Supplied information START

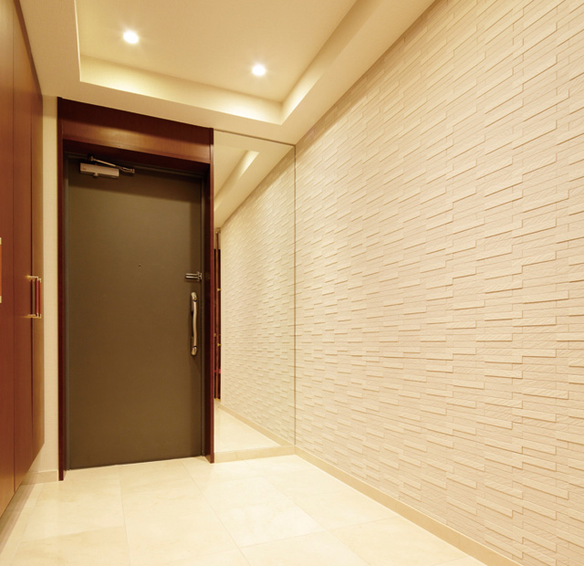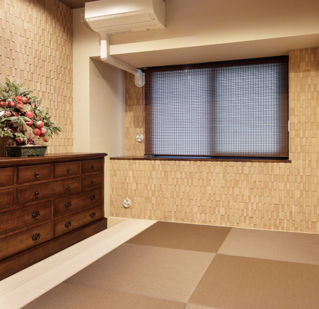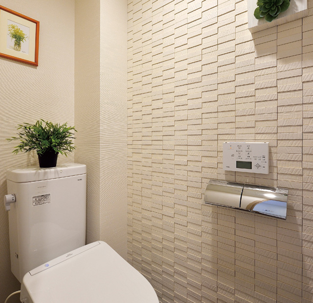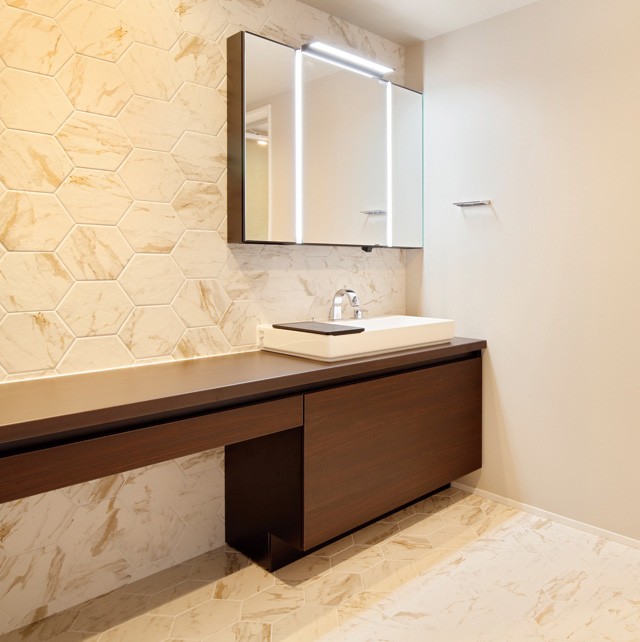 床と壁を大判ハニカムタイルで統一、広がりあるデザインに。
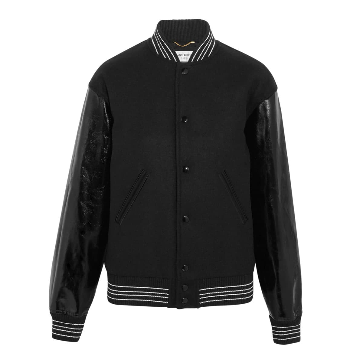 Saint Laurent Glossed Leather-Paneled Wool-Blend Felt Bomber Jacket:
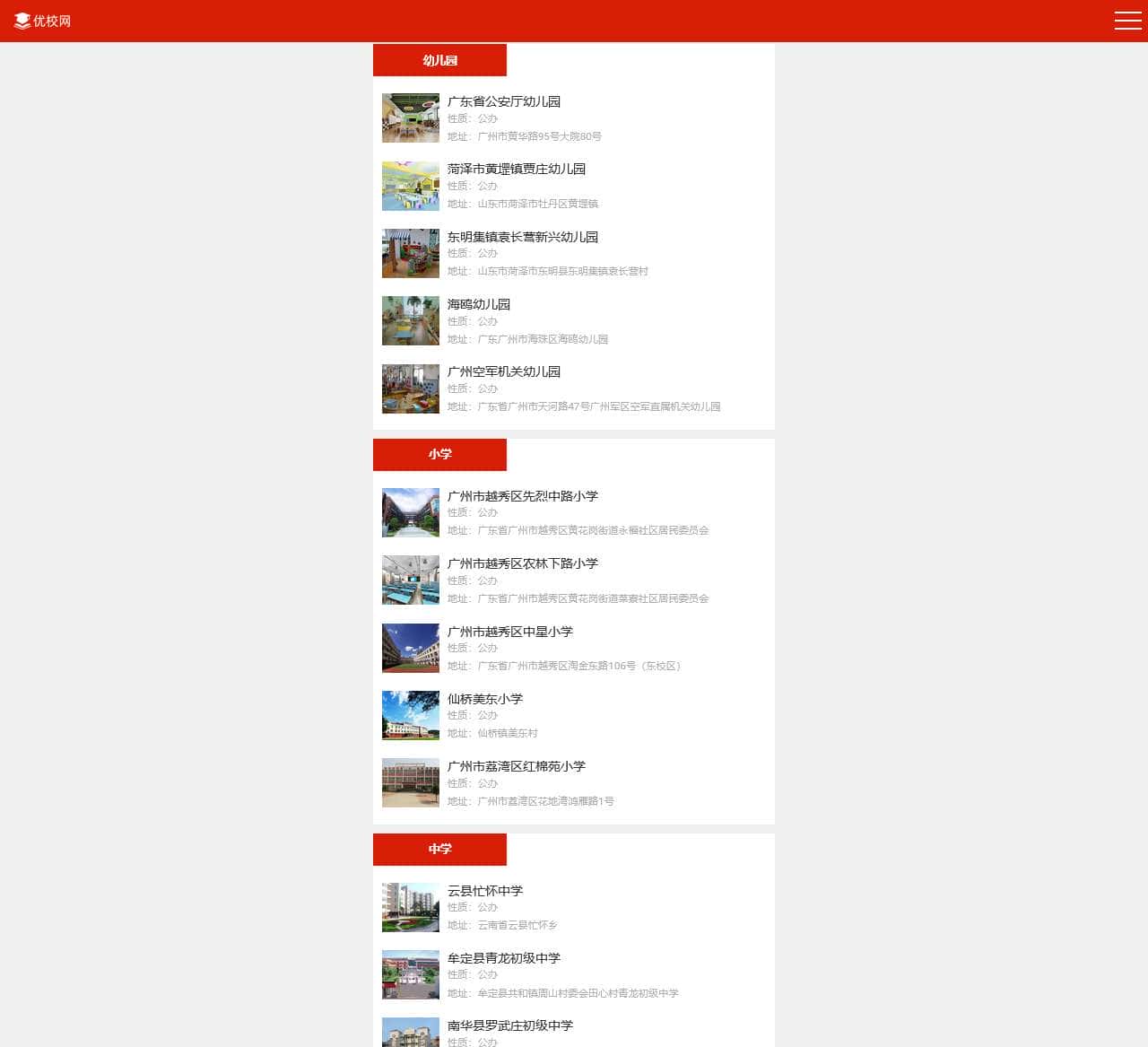 | 幼儿园 | 广东省公安厅幼儿园 | 公办 | 广州市黄华路95号大院80号 |
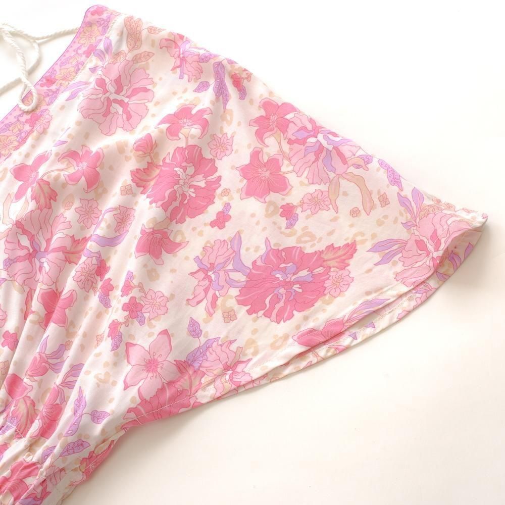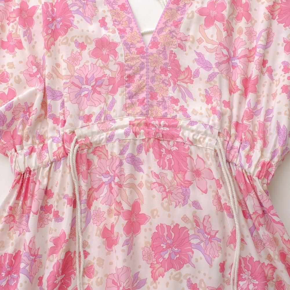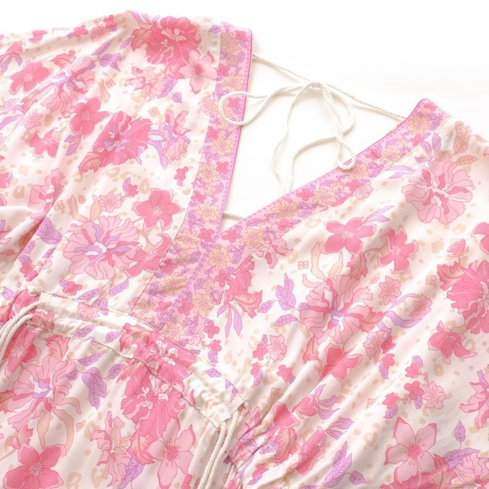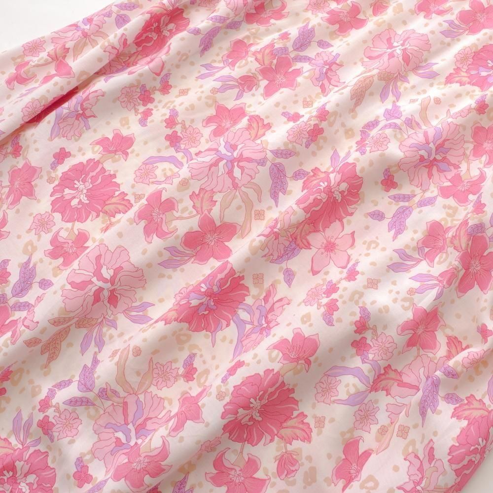 優しいホワイト地に鮮やかなピンクの花柄が広がる、華やかさと可愛らしさを兼ね備えたロングワンピース。

Supplied information END

*Instructions to follow*. Reproduce, word for word, the lines from the one containing "Saint Laurent Glossed" to the end of the material, both ends included. No picture is copied.

*Response to this task*.
 Saint Laurent Glossed Leather-Paneled Wool-Blend Felt Bomber Jacket:
 | 幼儿园 | 广东省公安厅幼儿园 | 公办 | 广州市黄华路95号大院80号 |
 優しいホワイト地に鮮やかなピンクの花柄が広がる、華やかさと可愛らしさを兼ね備えたロングワンピース。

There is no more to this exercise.